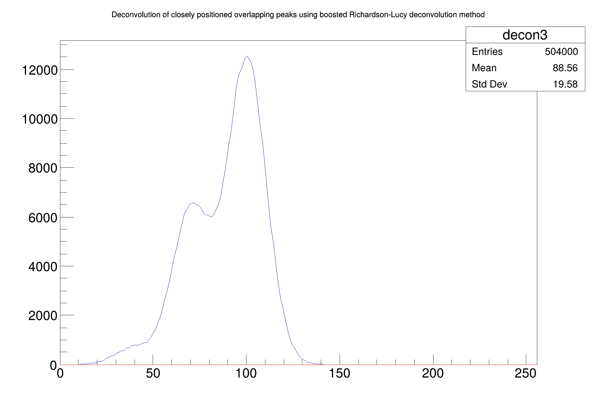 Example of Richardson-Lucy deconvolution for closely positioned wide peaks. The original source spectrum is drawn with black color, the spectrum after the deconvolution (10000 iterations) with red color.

++++++++++

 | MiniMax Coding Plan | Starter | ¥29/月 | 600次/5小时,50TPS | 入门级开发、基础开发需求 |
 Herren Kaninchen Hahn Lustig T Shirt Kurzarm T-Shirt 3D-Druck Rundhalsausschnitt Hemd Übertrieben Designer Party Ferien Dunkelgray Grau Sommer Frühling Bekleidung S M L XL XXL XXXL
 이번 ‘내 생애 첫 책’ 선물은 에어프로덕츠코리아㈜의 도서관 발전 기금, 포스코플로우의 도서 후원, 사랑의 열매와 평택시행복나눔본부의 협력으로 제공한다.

++++++++++

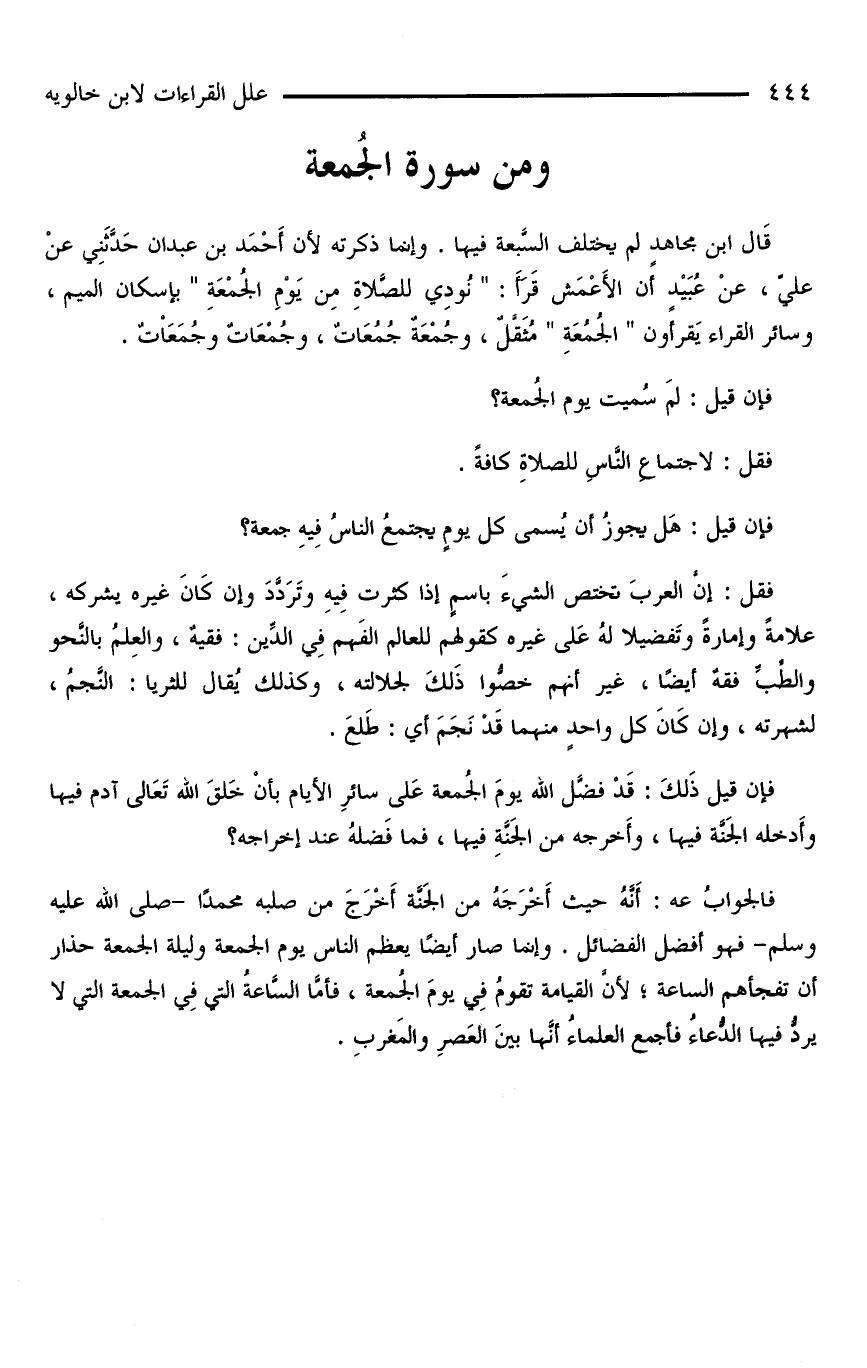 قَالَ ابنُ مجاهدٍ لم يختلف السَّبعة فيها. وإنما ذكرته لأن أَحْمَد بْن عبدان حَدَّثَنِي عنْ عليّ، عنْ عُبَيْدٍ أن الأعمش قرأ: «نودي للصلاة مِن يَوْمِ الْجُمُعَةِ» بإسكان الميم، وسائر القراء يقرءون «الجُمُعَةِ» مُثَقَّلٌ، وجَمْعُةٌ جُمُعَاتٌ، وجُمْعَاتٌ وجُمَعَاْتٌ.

++++++++++

REQUIRED ACTION: Write out only the lines that run from the line containing "600次/5小时,50TPS | 入门级开发、基础开发需求 |" through the line containing "이번 ‘내 생애 첫 책’", both included, exactly as they appear above.

RESPONSE TO THIS TASK:
 | MiniMax Coding Plan | Starter | ¥29/月 | 600次/5小时,50TPS | 入门级开发、基础开发需求 |
 Herren Kaninchen Hahn Lustig T Shirt Kurzarm T-Shirt 3D-Druck Rundhalsausschnitt Hemd Übertrieben Designer Party Ferien Dunkelgray Grau Sommer Frühling Bekleidung S M L XL XXL XXXL
 이번 ‘내 생애 첫 책’ 선물은 에어프로덕츠코리아㈜의 도서관 발전 기금, 포스코플로우의 도서 후원, 사랑의 열매와 평택시행복나눔본부의 협력으로 제공한다.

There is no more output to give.